Scotty with Sammy when she was about 3 months old -- maybe younger. She was so little! And she still loves to curl up and sleep this way. Some things never change.


For some reason, I have Primary Envy, a very rare and bad condition. Rare because most parents want to keep their kids in Nursery, keep them young, because after all they grow up so fast. Bad because, really, what's the point of allowing myself to feel this way? And I haven't had a moment like this in a long time. But a part of me is sad today (yes, I'm tearing up...which is only causing my congestion to get worse) that Sammy isn't moving up. And I recognize that she doesn't care -- that it's my problem. I get it. But the logic, knowing that she is happy where she is, doesn't make what I'm feeling any less real, as silly as it is.

And it makes me sad to think that had she moved up, she'd just be a problem for the teacher. I don't want to ever think of Sammy as a problem for anyone. That breaks my heart -- and now I really can't breath out of my nose. I wish I had never caught this horrible cold! I mean, really.



Sammy at about 7 months old. One of her many visits to the hospital after bad seizures -- her arm in a splint to keep her IV in place.

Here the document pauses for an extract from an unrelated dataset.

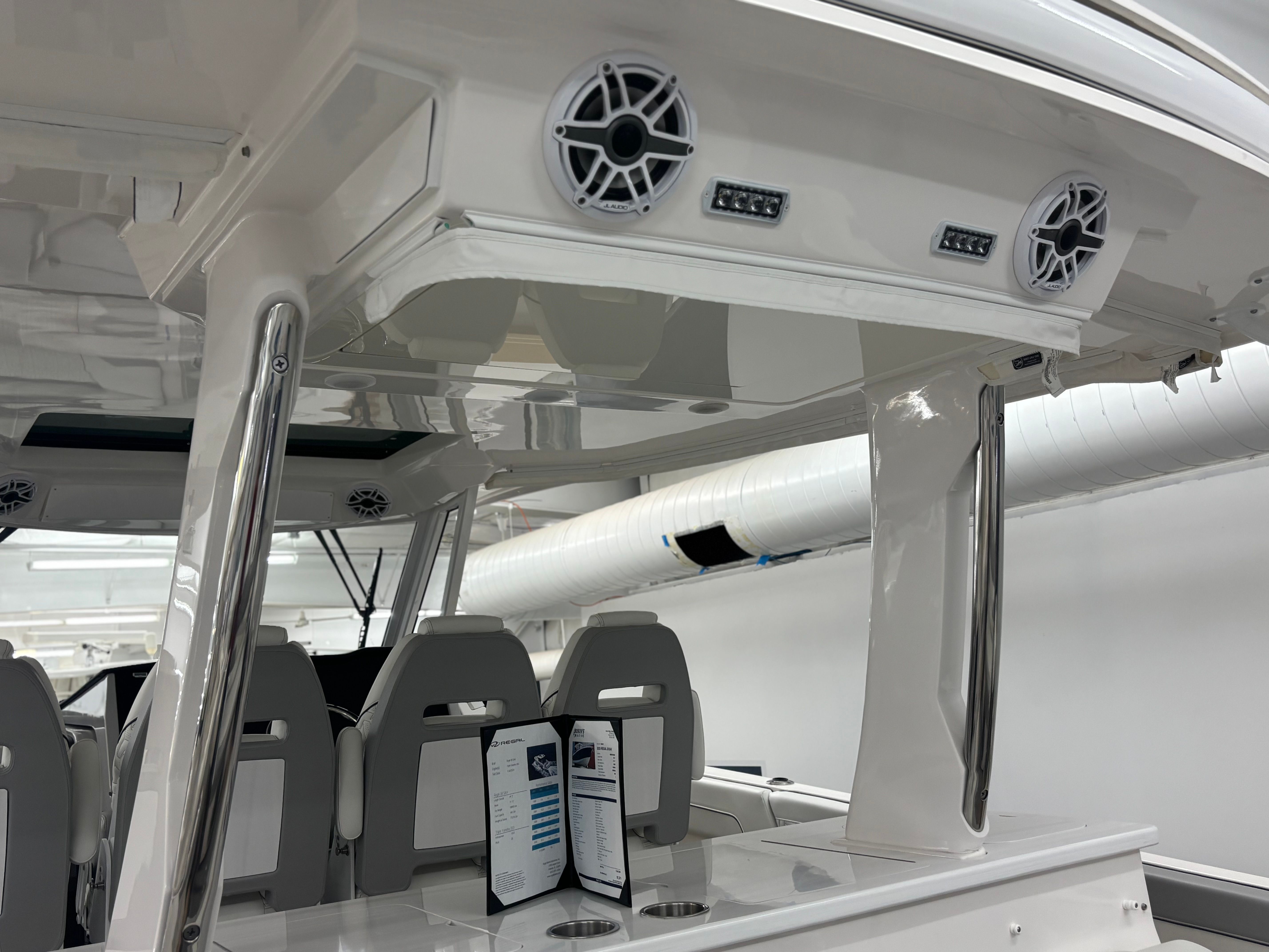 At the heart of the Regal 38 SAV is a trio of powerful Yamaha 350HP engines, delivering a combined 1,050 horsepower. These Triple Yamaha engines feature integrated steering and a striking white finish, ensuring not only robust performance but also a sophisticated appearance. The advanced engineering behind these engines provides smooth acceleration, impressive top speeds, and responsive handling, making every journey exhilarating. Whether you are cruising along the coastline or heading out for a day of adventure, the Regal 38 SAV offers the power and agility you need to navigate with confidence.

My comfort? I find it in knowing that Sammy is our little Sunbeam. Maybe not "technically" a member of the Sunbeam class, but she brings so much light to our home. And I find comfort in 2010. Silly? Maybe. I know we'll face trials this year, but I also know that there will be a lot of good -- and Sammy's sun beams will keep us smiling. I'm already breathing better. Life is so good that way.Sammy with Grandpa at Scotty and Annie's wedding April 2008.